The next step is taking the average of the values in the previous generator expression: sum(genexp)//12. This is pretty straightforward, though you should note that using // for division always rounds down to the next integer. If you want a more precise floating point value, use just /.
The next part is a call to '\t'.join, with an argument that is a single (c, avg) tuple. This is an awkward construction that could be more clearly written as c+"\t"+str(avg) or "{}\t{}".format(c, avg). All of these result in a string containing the c value, a tab character and the string form of the average calcualted above.
The next step is a list comprehension, [joinedstr for c in sorted(allc)] (where joinedstr is the join call in the previous step). Using a list comprehension here is a bit odd, since there's no need for a list (a generator expression would do just as well).

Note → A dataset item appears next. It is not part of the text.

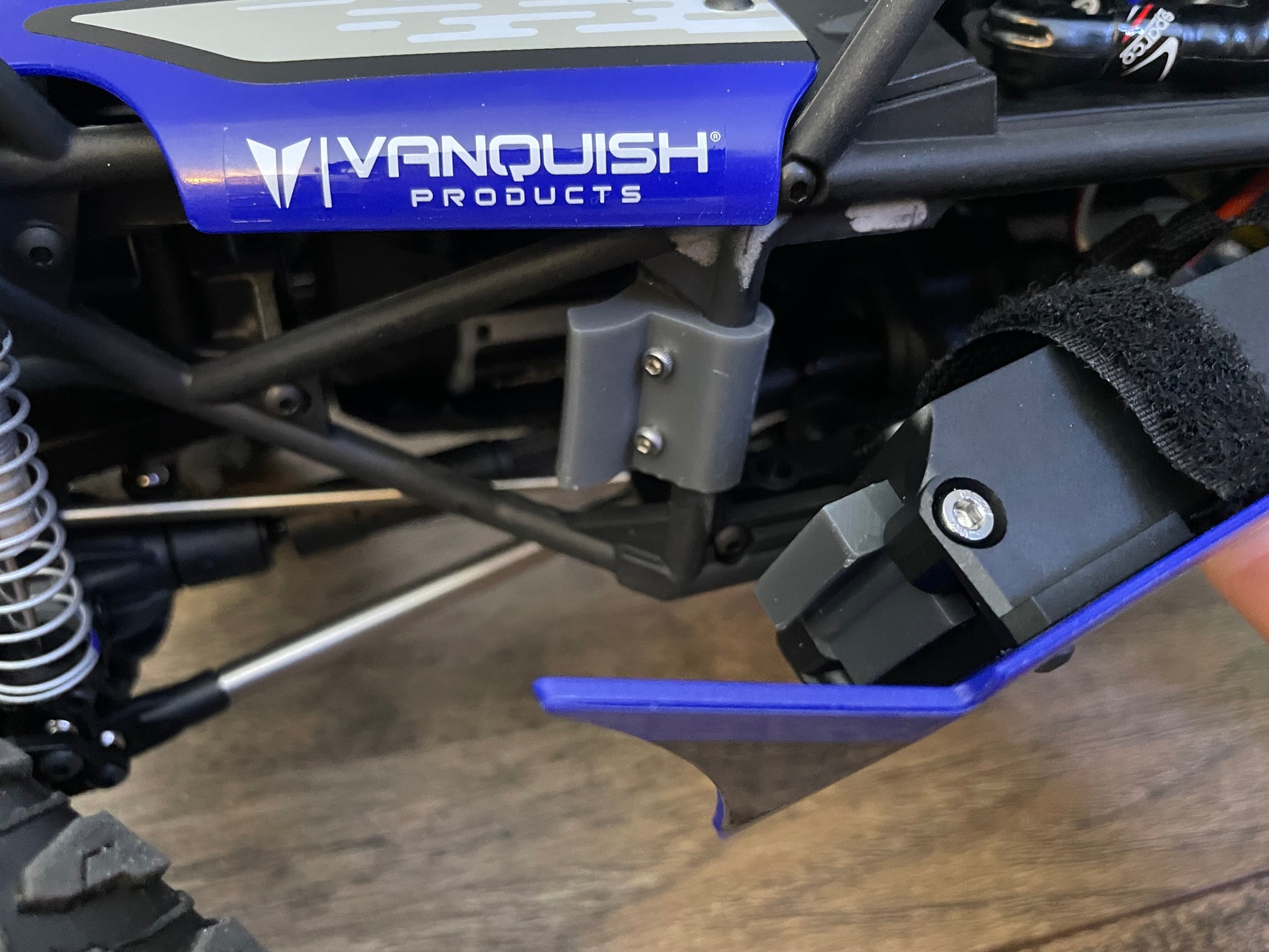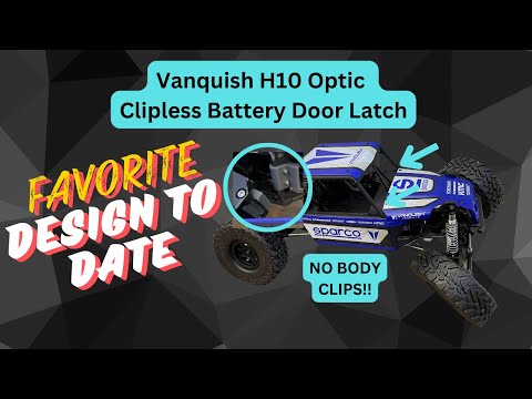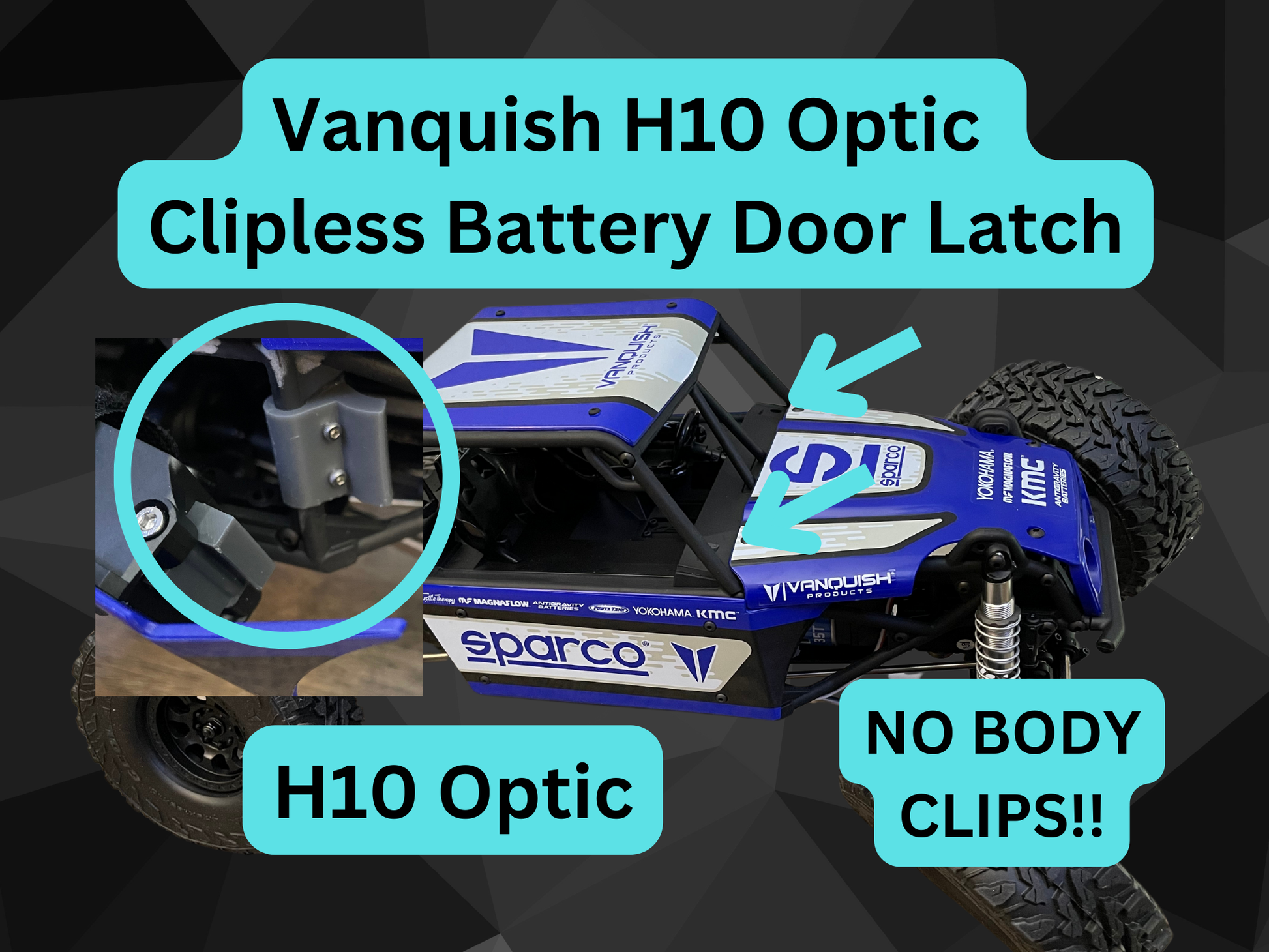 Changing your battery on your Vanquish H10 Optic has never been easier with this clipless battery door latch that bolts directly to the truck with ZERO permanent modification to the truck (100% reversible). Comes with BOTH driver and passenger side pieces (6 total + included hardware). It turns and locks into the part added onto the battery door and allows for a secure hold on the body without using body clips. Simply pull towards the outside of the truck on the latch and the battery door releases allowing you to open it up. To close simply push the battery door all the way shut and then push the latch all the way in till it stops. When running trails or crawling rocks the latch stays secure and holds the body in place. Stainless steel hardware so you don't have to worry about driving this through water. This part is resin printed in Formlabs Tough 2000 so it is closer in comparison to ABS than your typical 3D printed plastic.
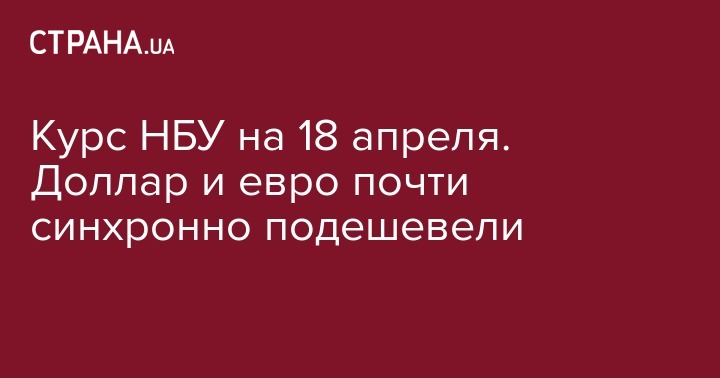Курс НБУ на 18 апреля. Доллар и евро почти синхронно подешевели

Finally, the list comprehension is joined with newlines and printed: print("\n".join(listcomp)). This is straightforward.
Anyway, this whole mess can be rewritten in a much clearer way, by using a few variables and printing each line separately in a loop:
for c in sorted(allc):
total_values = sum(animaldictionary.get((a,c),0) for a in alla)
average = total_values // 12
print("{}\t{}".format(c, average))
To finish, I have some general suggestions.
First, your data structure may not be optimal for the uses you are making of you data. Rather than having animaldict be a dictionary with (a,c) keys, it might make more sense to have a nested structure, where you index each level separately. That is, animaldict[a][c]. It might even make sense to have a second dictionaries containing the same values indexed in the reverse order (e.g. one is indexed [a][c] while another is indexed [c][a]). With this approach you might not need the alla and allc lists for iterating (you'd just loop over the contents of the main dictionary directly).
My second suggestion is about code style. Many of your variables are named poorly, either because their names don't have any meaning (e.g. c) or where the names imply a meaning that is incorrect. The most glaring issue is your key and value variables, which in fact unpack two pieces of the key (AKA a and c). In other situations you can get keys and values together, but only when you are iterating over a dictionary's items() view rather than on the dictionary directly.